Ameliyat ekibinde bir doktor olsanız, hastaya yapılan operasyon sırasında nasıl davranırsınız?
1-Hastanın sağlığına kavuşması için elinizden ne geliyorsa esirgemeyip ameliyat ekibinin başkanına yardımcı olursunuz.
2- “Hastayı bu hale sen düşürdün, yanlış ilaç verdin, önlem almadın, ameliyat masası iyi değil, masken kalitesiz, malzeme yetersiz” gibi gereksiz, zamansız, saçma sapan sorularla ameliyatı gerçekleştiren doktorun motivasyonunu bozarsınız.

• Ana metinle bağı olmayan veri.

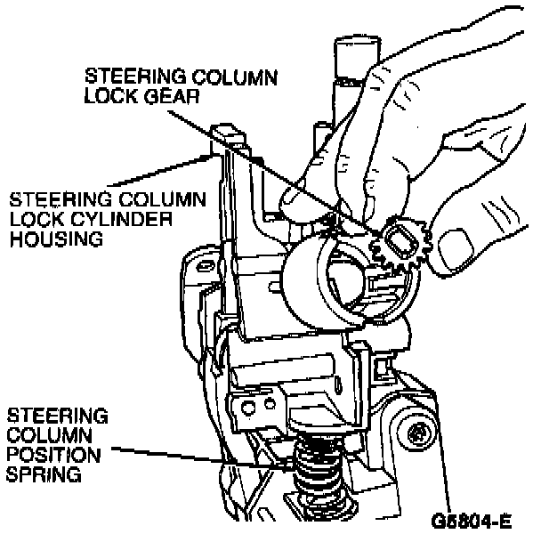 16. Install steering column lock gear. Coat steering column lock gear with Ignition Lock Grease FOAZ-19584-A or equivalent meeting Ford specification ESA-M1C232-A.
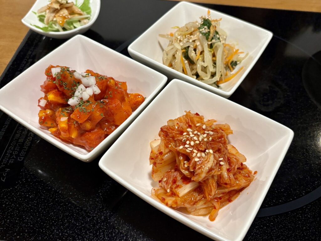 白菜キムチ、大葉のもやしナムル、キムトマトの3種構成。さっぱり感とピリ辛が交互に楽しめ、鍋との相性も良好です。食卓のリズムを整える存在といえます。
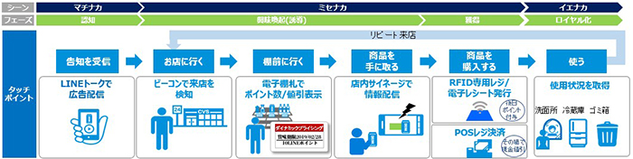 RFIDにより生活者の利便性を向上させる“ミセナカ(店内)・イエナカ(自宅内)”での新サービスの可能性についても言及した。
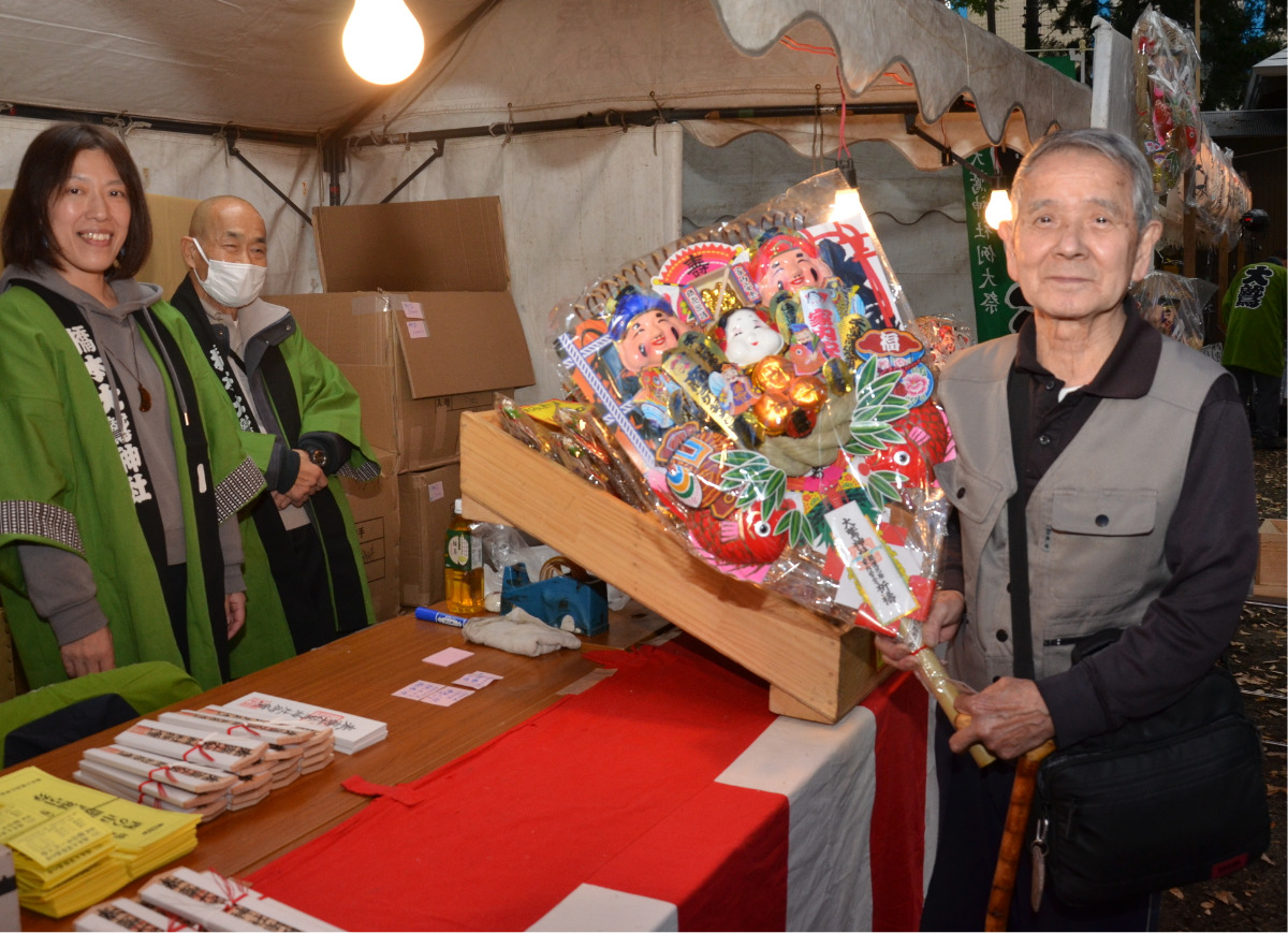 「名物の熊手を購入しに訪れた」という西橋本でモーターの修理、販売などを手掛ける大川原電機の大川原勝さんは「商売繁盛と健康を願って50年近く毎年ここで熊手を購入している。ご利益がありますように」と笑顔を見せた。

Tabii ki hastanın yaşamını da tehlikeye atarsınız.
CHP, Türkiye’nin ciğerlerinin yandığı bir zamanda aynen ikinci şıktaki gibi davranmış ve buradan siyasi bir rant elde etmeye çalışmıştır.
CHP’den koro halinde günlerce şu iddialar ortaya atılmıştır:
-THK’daki uçaklar niye kullanılmıyor?
-Yanan ormanlar imara açılacak.
-Bizi yangınla ilgili koordinasyon toplantılarına almıyorlar.
-TOMA’lar yangın söndürme çalışmalarında niye yok?
-Kızılay nerede, TSK neden devrede değil?
Vs. vs.
Utanmasalar, “Devlet nerede” diyecekler…
GÖREVLERİNİ YAPAN GAZETECİLERE MÜDAHALE
THK meselesi uzun bir konu ama şunu belirtmeden geçmeyelim: İflas eden ve artık yerinden kımıldayacak hali kalmadığı için kayyum talebinde bulunan THK himmete muhtaç durumdayken devasa yangına nasıl müdahale edecek?
Zaten CHP Genel Başkanı Kemal Kılıçdaroğlu da, sonunda THK uçaklarıyla ilgili iddiaların gerçek olmadığını ve THK’nın uçacak uçağının bulunmadığını itiraf etmedi mi?
Ama bunlar illa bardağın boş tarafını gösterecekler ya, başladılar bahaneler uydurmaya…
Kimisi, vızır vızır havada uçan uçakları görmedi, kimisi markasını, kimisi rengini, kimisi modelini beğenmedi!
Kimisi “taşıdığı su az” dedi, kimisi uçakların milli olmamasından şikâyet edip “bizim niye yok” dedi…
Bahane bulamayan kimileri de, yangınlara müdahale eden uçaklarla ilgili haberleri yapan gazetecilere saldırdı.
CHP Antalya Milletvekili Rafet Zeybek, Ülke TV ekibiyle tartıştı, gerçekleri kamuoyuna aktaran muhabirin kadın olmasını bile umursamadı.
Bununla da kalınmadı, yanındaki kişi kadın gazetecinin üzerine yürüyüp efelik tasladı.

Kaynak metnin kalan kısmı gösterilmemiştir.